ID: Investigation Dramaturgy

For the past decade, I have been studying the Janus face of forensic science as it manifests on mainstream crime television shows. Of particular interest has been the way these programs dramatize the shift from data to story by the infusion of circumstantial evidence that appears to logically supply the why and how for the what and who. In this way, twenty-first-century crime television enacts two interdependent definitions of the forensic: physical matter subjected to scientific scrutiny that results in its designation as admissible in a court of law; and the very processes of legal argumentation that transform such physical evidence into the judge- and jury-validated version of events that will convict or exonerate a defendant (Odendahl-James 637). Despite their protagonists’ pronouncements that “people lie, evidence doesn’t,”1 forensic television confirms that data without context are just informational strands. They require story to manifest as knowledge.

I had been laboring under the impression that my research on the forensic existed separately from my dramaturgical practice until I found myself in discussions with colleagues in Digital Humanities. Sitting at a similar juncture point between data and story, collection and interpretation, these scholars spoke about heated resistance to digital platforms and computational processes expressed by some disciplinary vanguards who tended to cast such tools and approaches as threats to always-already under-valued traditional interpretive research methods in the arts and humanities.
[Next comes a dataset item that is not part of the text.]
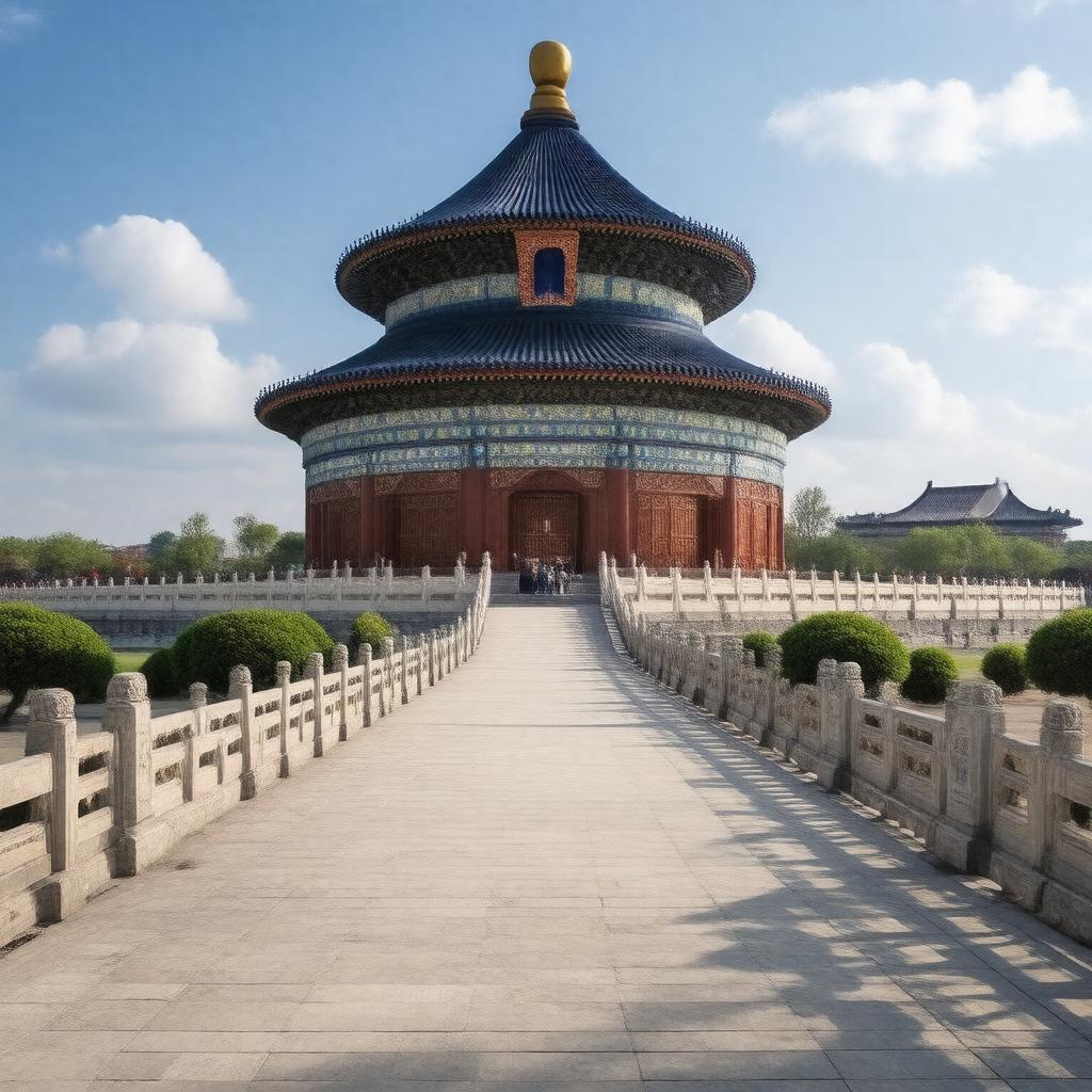 "Generate a photorealistic image of the Temple of Heaven, a majestic complex of Chinese architecture with a triple-gabled circular building, blue tiled roofs, and a symbolic layout representing Heaven and Earth, set amidst a serene park in Beijing, China, during a sunny day with a few wispy clouds, capturing its grandeur and historical significance as a UNESCO World Heritage Site and a major national historical and cultural site."

These conversations echoed concerns that I heard from theatre faculty at other institutions, who described how a new wave of assessment protocols were influencing administrative decisions from funding to hiring to curriculum in the twenty-first-century university’s increasingly operational mission. Both of these constituencies gnawed a similar bone of contention: the concern that quantitative systems flatten, stratify, and commodify the dynamic, collaborative, and transformative processes of performing arts’ creative research and practice into number-models focused almost exclusively on which students obtain (or not) so-called good jobs and whether tuition costs are offset by graduates’ future economic successes.

As these debates about Big Data’s surveilling eyes, quantitative drives, and consumerist agendas were playing out in the higher education public sphere,2 at academic conferences, and within the pages of commissioned reports,3 I began noticing what might be called a “little Big Data” insurgency. In July 2012, I was asked to participate in a public panel of women theatre artists and educators to talk about our experiences in local theatre.4 Our gathering was spurred by the outcry over the Guthrie Theater’s fiftieth anniversary season announcement, notable for its absences more than its features: not one woman playwright or writer of color and only one female co-director across two stages with twelve theatrical offerings.5 It was also one of many events taking place in mid- to large-scale theatre cities across the United States as women and artists of color began their own programs of data collection and analysis, sharing their findings through online platforms and social media [End Page 211] with the goal of connecting hard numbers to anecdotal evidence describing the lack of gender and racial parity in American theatre.

I began to collect data: basic statistics about the past year’s season, how many plays written by women had been produced, how many women had been hired to direct, and what companies had women serving in executive capacities in their artistic and management structures. It was material I had already started collecting through indirect means by maintaining my own “master” season calendar. That document’s impetus was twofold: first, to direct students to off-campus productions that would broaden their experience of local theatre; and second, to identify the emerging narrative of that year’s tri-city theatre offerings with which our theatre studies season at Duke would be in conversation. It was this second, specifically dramaturgical purpose that allowed me to contribute more than just stark percentages at the public meeting. I could see the ways in which this data could be articulated as information, a more refined and contextualized understanding of how...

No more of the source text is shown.